5- Se facilitará al destinatario un modo sencillo y gratuito de ejercicio del derecho de oposición.

Tal y como adelanta El Confidencial, el Tribunal ha tumbado el primer apartado, que reza así: “La recopilación de datos personales relativos a las opiniones políticas de las personas que lleven a cabo los partidos políticos en el marco de sus actividades electorales se encontrará amparada en el interés público únicamente cuando se ofrezcan garantías adecuadas”. El Tribunal considera que es anticonstitucional.

La sentencia ha tenido como ponente al Magistrado Cándido Conde-Pumpido, que ha estimado el recurso de inconstitucionalidad que presentó el Defensor del Pueblo el pasado 5 de marzo de este año 2019.

El Tribunal Constitucional acaba con la ley del spam electoral

El pasado 5 de marzo, tal y como adelantó también El Confidencial, presentó este recurso en contra de la normativa. Esta ley, a efectos prácticos, es capaz de recopilar las opiniones ideológicas de las personas y enviarles spam electoral y propaganda ya sea por medios electrónicos o tradicionales.

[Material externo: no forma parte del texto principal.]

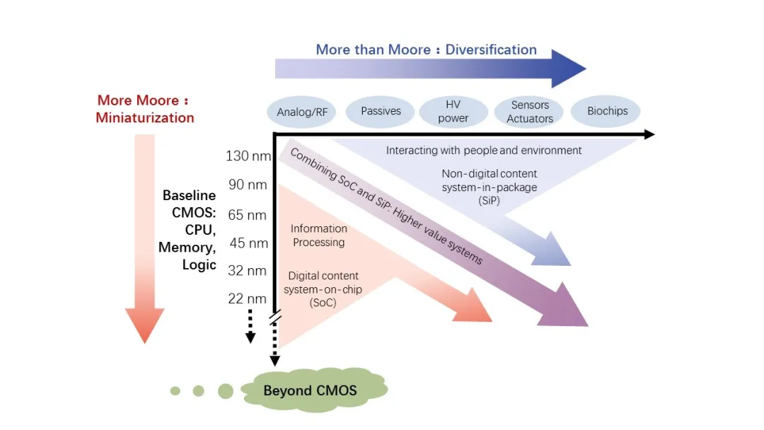 為此, ITRS組織針對半導體產業中遠期發展的挑戰,在技術路線制定上,提出選擇兩種發展方式(如圖1):一是繼續沿著摩爾定律按比例縮小的方向前進,專注于硅基CMOS技術;二是按“后摩爾定律”的多重技術創新應用向前發展,即在產品多功能化(功耗、帶寬等)需求下,將硅基CMOS和非硅基等技術相結合,以提供完整的解決方案來應對和滿足層出不窮的新市場發展。

El apartado más polémico sin duda alguna era el 1, y este ha sido el principal afectado del Constitucional. Hay que dejar claro que este ha sido el único apartado que ha sido afectado por la pronunciación del Tribunal.

El Tribunal Constitucional, con esta decisión, considera inconstitucional al apartado y lo deja sin efecto, de tal forma que ya no se podrán recopilar datos personales relativos a las opiniones políticas de las personas.

No obstante, los partidos (a falta de que el Constitucional sorpresivamente también anule los otros apartados) seguirán pudiendo “utilizar datos personales obtenidos en páginas web y otras fuentes de acceso público para la realización de actividades políticas” o enviar propaganda electoral “por medios electrónicos o sistemas de mensajería”. Y no, la “contratación de propaganda electoral en redes sociales o medios equivalentes no tendrán la consideración de actividad o comunicación comercial”.